2. The ladder of claim 1, wherein there exists a direct correlation
between the cross-sectional area at a particular location along the
length of a rail and the number of structural fibers embedded
within the rail at the particular location.
3. The ladder of claim 2, wherein there exists a direct correlation
between the number of fibers present at a particular location along
the length of a rail and the strength of that location relative to
other locations along the length of the rail.
4. The ladder of claim 1, which is configured as a
non-self-supporting extension ladder having a first pair of
parallel composite rails forming a base section and a second pair
of parallel composite rails forming a fly section.
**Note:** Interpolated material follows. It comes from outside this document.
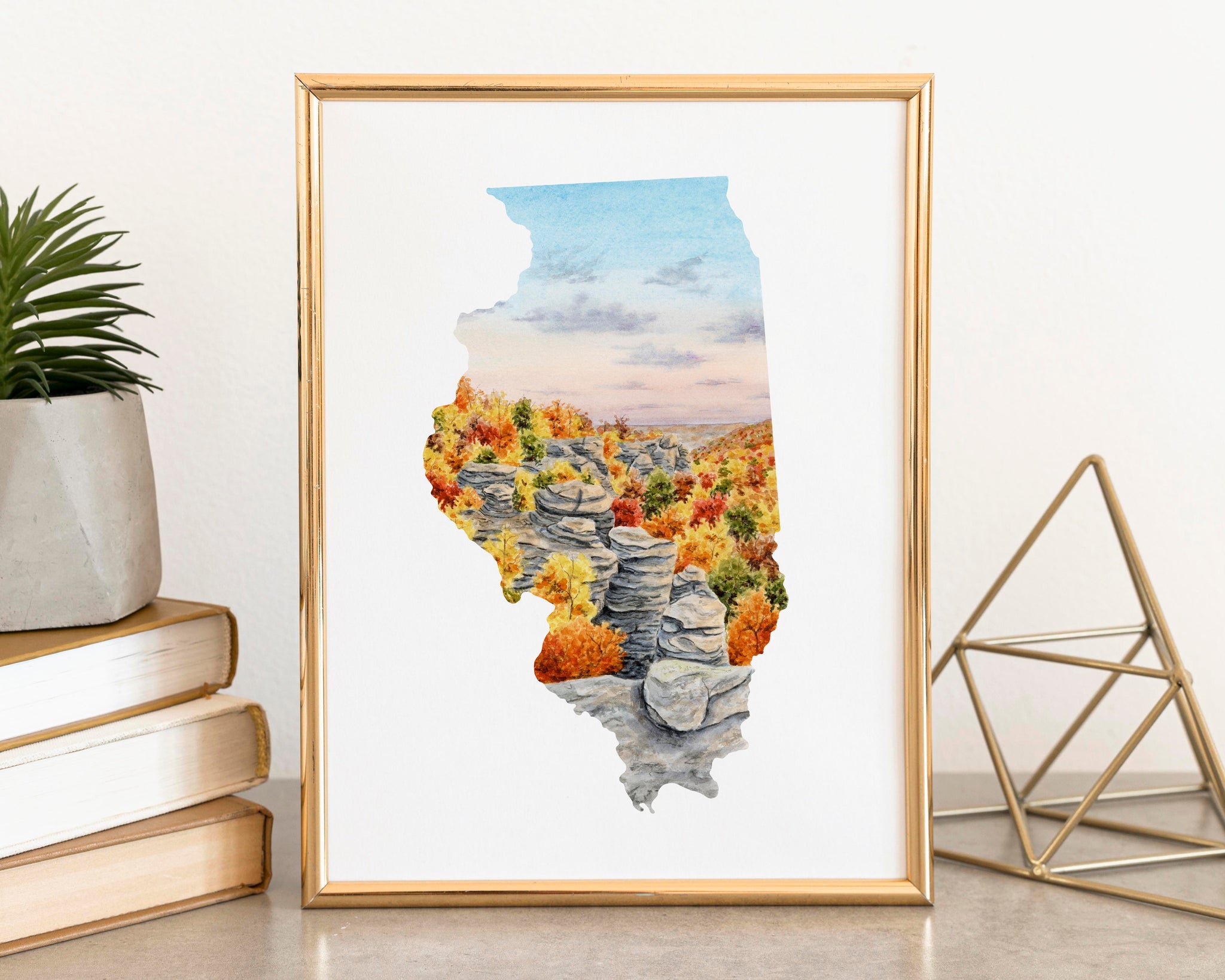 Illinois Watercolor Painting, Illinois Art, Illinois Map, Starved Rock State Park IL, French Canyon

5. The ladder of claim 4, which further comprises an intermediate
section, having a third pair of parallel composite rails, between
said base section and said fly section.
6. The ladder of claim 1, wherein each of said composite rails is a
molded unit fabricated using a molding process other than
pultrusion.
7. The ladder of claim 1, which comprises a first pair of composite
rails forming a first section, and a second pair of composite rails
forming a second section, said first and second section hinged
together so that, when said first and second sections are hingeably
positioned to form an acute angle, the ladder is configurable as a
self-supporting step ladder, and when said first and second
sections are hingeably positioned to form a straight angle, the
ladder is configurable as a non-self-supporting, non-adjustable
extension ladder.
8. The ladder of claim 1, wherein a majority of said structural
fibers run in a longitudinal direction within each rail.
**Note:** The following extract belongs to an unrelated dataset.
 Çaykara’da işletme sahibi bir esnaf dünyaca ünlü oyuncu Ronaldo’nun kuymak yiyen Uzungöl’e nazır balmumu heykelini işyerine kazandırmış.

9. The ladder of claim 8, wherein a minority of said structural
fibers is divided into at least two groups, with fibers of a first
group being oriented perpendicularly to said majority of structural
fibers, and with fibers of a second group being oriented obliquely
to said majority of structural fibers.
10. The ladder of claim 1, wherein regions of a rail having lesser
cross-sectional area taper to regions of the rail having greater
cross-sectional area.
11. The ladder of claim 1, wherein said structural fibers are
selected from the group consisting of type E glass, type S glass,
type S2 glass, type A glass, type C glass, quartz, poly
p-phenylene-2,6-bezobisoxazole (PBO), basalt, boron, aramid,
ultra-high-molecular-weight polyethylene, carbon, graphite and
hybrids.
12. The ladder of claim 1, wherein said solidified polymeric
material is a cured thermoset resin selected from the group
consisting of polyester, vinyl ester, epoxy, phenolic, cyanate
ester, bismaleimides (BMIs), and polyimide resins.
13. The ladder of claim 1, wherein said solidified polymeric
material is a thermoplastic selected from the group consisting of
polyethylene, polyethylene terephthalate, polybutylene
terephthalate, polycarbonate, acrylonitrile butadiene acrylate,
polyamide, polypropylene, polyetheretherketone, polyetherketone,
polyamideimide, polyarylsufone, polyetherimide, polyethersulfone,
polyphenylene sulfide and liquid crystal polymer.
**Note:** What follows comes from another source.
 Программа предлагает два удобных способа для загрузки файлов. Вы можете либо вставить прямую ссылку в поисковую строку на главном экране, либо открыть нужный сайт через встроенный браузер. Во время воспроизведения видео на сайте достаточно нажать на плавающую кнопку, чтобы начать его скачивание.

14. An extension ladder comprising: a first pair of parallel
composite rails, each of which is supplementally reinforced in
regions subjected to greater stress during usage; a first set of
rungs coupling together said first pair of parallel composite rails
to form a base section; a second pair of parallel composite rails,
each of which is supplementally reinforced in regions subjected to
greater stress during usage; a second set of rungs coupling
together said second pair of parallel composite rails to form a fly
section which is slidable within said base section; and a pair of
rung lock mechanisms, each rung lock mechanism being secured to a
fly section composite rail and being lockable to any a plurality of
rungs belonging to said first set, thereby providing adjustability
of length of the extension ladder.
15. The extension ladder of claim 14, wherein said stress during
usage may be the result of torque, shear forces, flex forces, or
abusive impact forces.
16. The ladder of claim 14, wherein each of said rails comprises a
structural fiber preform embedded in a polymeric material selected
from the group consisting of initiator-cured polymeric resins and
thermoplastic compounds.
17. The ladder of claim 16, wherein said structural fiber preform
contains structural fibers selected from the group consisting of E
glass, type S glass, type S2 glass, type A glass, type C glass,
quartz, poly p-phenylene-2,6-bezobisoxazole (PBO), basalt, boron,
aramid, ultra-high-molecular-weight polyethylene, carbon, graphite
and hybrids.
18. The ladder of claim 16, wherein each structural fiber preform
has increased structural fiber counts in regions subjected to
greater stress during usage.
19. The ladder of claim 14, wherein supplementally reinforced
regions of a rail have a greater cross-sectional area than regions
of the same rail which are not supplementally reinforced.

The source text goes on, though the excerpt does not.